John Harbaugh Explains Why Ravens Went for Rushing Record Instead of Taking a Knee

QB Lamar Jackson

The Ravens don't play the game to set records, but when there's one within reach and a victory is already in hand, you bet they're going for it.

Baltimore needed three yards to tie the NFL record of 43 consecutive games with 100 rushing yards or more, set by the Pittsburgh Steelers from 1974-77. The Ravens had just one play to do it at the end of the game.

So instead of taking a knee, Baltimore lined up and put the ball in Lamar Jackson's hands. Jackson scampered around the left edge to pick up five yards before falling to the turf, putting the Ravens at 102 yards and ending the game with a 23-7 victory in Empower Field at Mile High.

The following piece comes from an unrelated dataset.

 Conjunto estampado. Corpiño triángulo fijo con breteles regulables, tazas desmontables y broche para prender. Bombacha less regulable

"One hundred percent my call," Head Coach John Harbaugh said. "That's one of those things that's meaningful. It's one of those things that, as a head coach, you've got to be mindful of your team and your players and your coaches and what it means to them.

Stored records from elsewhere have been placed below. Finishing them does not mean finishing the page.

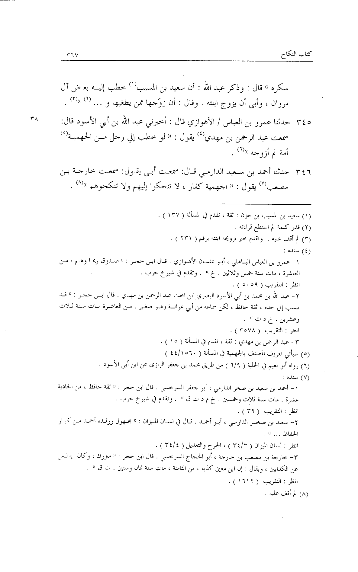 حدثنا عمرو بن العباس/38/الأهوازى قال: أخبرني عبد الله بن أبي الأسود، قال: سمعت عبد الرحمن بن مهدى يقول: لو خطب إليّ رجل من الجهمية أَمَةً لم أزوجه.
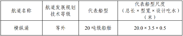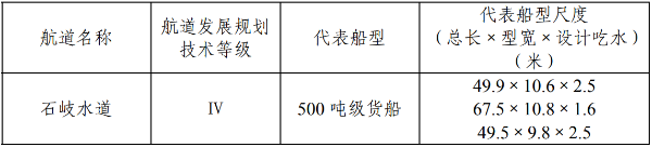 (一)代表船型基本同意《中山至开平高速公路中山段工程线路调整项目(岐江河特大桥和横门互通)航道通航条件影响评价报告》(以下简称《航评报告》)论证采用的工程所处河段的航道发展规划技术等级和代表船型,详见表1。表1 工程所处航道代表船型
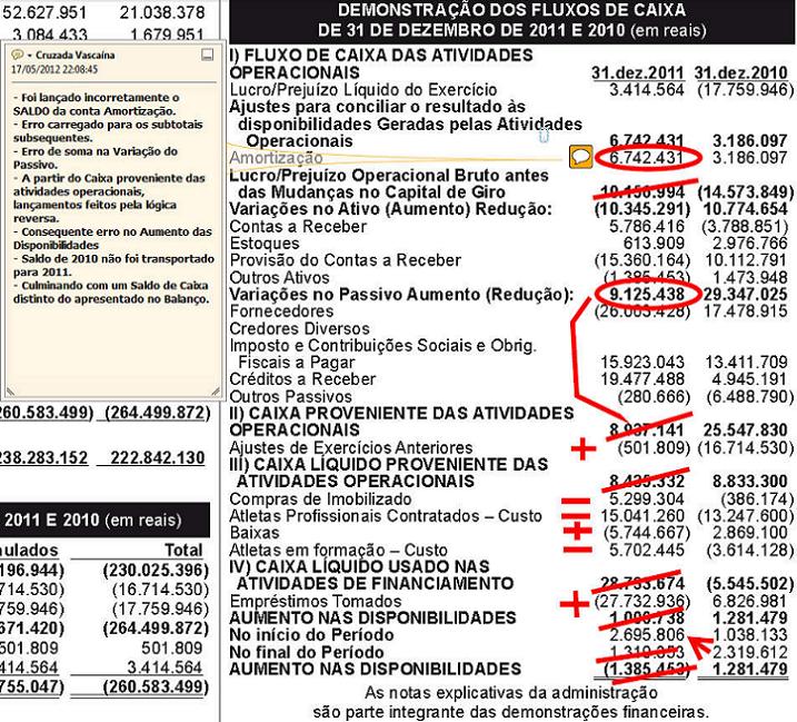 A Comissão de Finanças da Cruzada Vascaína identificou erros de soma; erros de sinal; valores de contas trocados; valores onde deveria ser apresentada apenas a diferença com o ano anterior, mas, foi apresentado o resultado; e, outros erros mais que provocaram uma quantidade absurda de dados incoerentes no fluxo de caixa. Todos esses erros nos levaram a questionar, também, a credibilidade dos demais dados apresentados. As informações presentes no fluxo de caixa devem ser uma consequência do ativo e do passivo. Entretanto, como esses valores hoje não batem, fica impossível garantir que os números lançados no ativo e no passivo estejam corretos.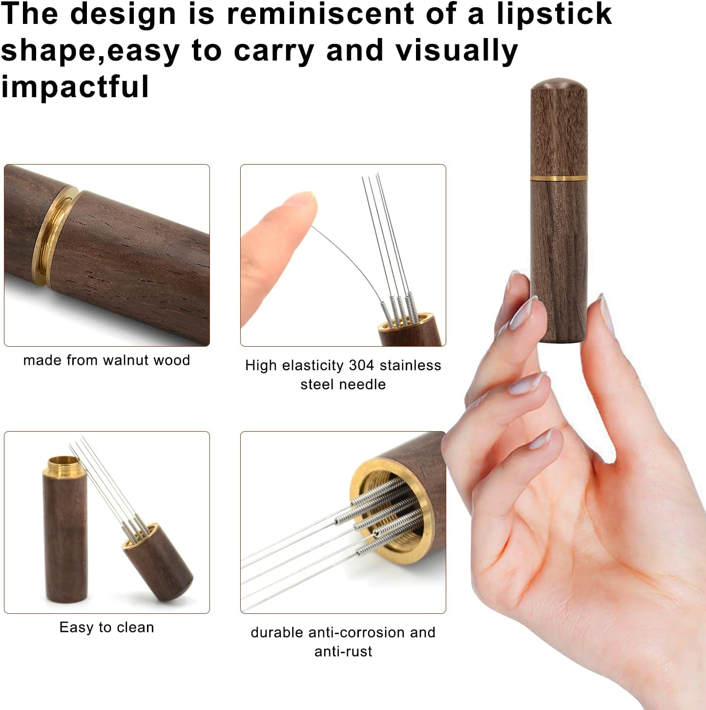 - Mini WDT Tool-A Stylish Companion: As part of the espresso tamper Set, our Mini WDT Tool dons a chic lipstick-inspired design. Beyond its aesthetic charm, this espresso accessory ensures even grounds distribution, giving you the upper hand in crafting the perfect espresso.

"It's a very, very tough record to accomplish and it's a long-term record. I'm not going to say it's more important than winning the game, for sure. It's certainly not. But as a head coach, I think you do that for your players and you do that for your coaches and that's something they'll have for the rest of their lives."

The Ravens didn't get a lot going on the ground for much of the day, as running backs Latavius Murray, Le'Veon Bell and Devonta Freeman combined for 74 yards on 23 carries (3.2 yards average).

Jackson only ran seven times for 28 yards, but his final 5-yard carry put the Ravens over the top.

"Whenever you're in the record books, it's important," wide receiver Marquise Brown said.

Jackson said Quarterbacks Coach James Urban told him on the sideline before the play that Harbaugh was thinking about going for it. After cornerback Anthony Averett made an end zone interception to end the Broncos' final drive with three seconds left, Baltimore had its shot.

"I'm happy we got the [win]," Jackson said. "I'm not going to lie. I didn't even care about the record."

Not everyone will look at it the same way, but there are a lot of people that contributed to that record who will remember it and reminisce about it for a long time.

Considering the Ravens lost both of their top running backs (J.K. Dobbins and Gus Edwards) to season-ending injuries before the start of the season and still rank third in the league in rushing yards per game (164.5), they certainly earned the record.

Denver entered the game with the No. 2-ranked run defense in the NFL. While Jackson and the passing game carried the load Sunday in Denver, Murray got the Ravens' scoring started with an 11-yard touchdown in the second quarter.